On Dec 31, 2019, China reported a cluster of cases of pneumonia in people at Wuhan, Hubei Province. The responsible pathogen is a novel coronavirus, named severe acute respiratory syndrome coronavirus 2 (SARS-CoV-2). We report the relevant features of the first cases in Europe of confirmed infection, named coronavirus disease 2019 (COVID-19), with the first patient diagnosed with the disease on Jan 24, 2020.

Methods

In this case series, we followed five patients admitted to Bichat-Claude Bernard University Hospital (Paris, France) and Pellegrin University Hospital (Bordeaux, France) and diagnosed with COVID-19 by semi-quantitative RT-PCR on nasopharyngeal swabs. We assessed patterns of clinical disease and viral load from different samples (nasopharyngeal and blood, urine, and stool samples), which were obtained once daily for 3 days from hospital admission, and once every 2 or 3 days until patient discharge. All samples were refrigerated and shipped to laboratories in the National Reference Center for Respiratory Viruses (The Institut Pasteur, Paris, and Hospices Civils de Lyon, Lyon, France), where RNA extraction, real-time RT-PCR, and virus isolation and titration procedures were done.

Findings

The patients were three men (aged 31 years, 48 years, and 80 years) and two women (aged 30 years and 46 years), all of Chinese origin, who had travelled to France from China around mid-January, 2020. Three different clinical evolutions are described: (1) two paucisymptomatic women diagnosed within a day of exhibiting symptoms, with high nasopharyngeal titres of SARS-CoV-2 within the first 24 h of the illness onset (5·2 and 7·4 log10 copies per 1000 cells, respectively) and viral RNA detection in stools; (2) a two-step disease progression in two young men, with a secondary worsening around 10 days after disease onset despite a decreasing viral load in nasopharyngeal samples; and (3) an 80-year-old man with a rapid evolution towards multiple organ failure and a persistent high viral load in lower and upper respiratory tract with systemic virus dissemination and virus detection in plasma.
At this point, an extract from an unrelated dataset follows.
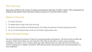 Modern surveying techniques provide accurate measurements for civil engineering projects. Techniques like total stations, digital levels, GPS, and data collectors allow surveyors to measure horizontal and vertical angles as well as distances electronically. This improves accuracy and efficiency over traditional methods. Specific applications in civil engineering include road, tunnel, and bridge alignment, infrastructure mapping for urban planning, and construction site layout and monitoring. The summarized data can be imported into CAD software for modeling and analysis. Overall, modern surveying techniques enhance accuracy and productivity for civil engineering design and construction.

The 80-year-old patient died on day 14 of illness (Feb 14, 2020); all other patients had recovered and been discharged by Feb 19, 2020.

Interpretation

We illustrated three different clinical and biological types of evolution in five patients infected with SARS-CoV-2 with detailed and comprehensive viral sampling strategy. We believe that these findings will contribute to a better understanding of the natural history of the disease and will contribute to advances in the implementation of more efficient infection control strategies.

Funding

REACTing (Research & Action Emerging Infectious Diseases).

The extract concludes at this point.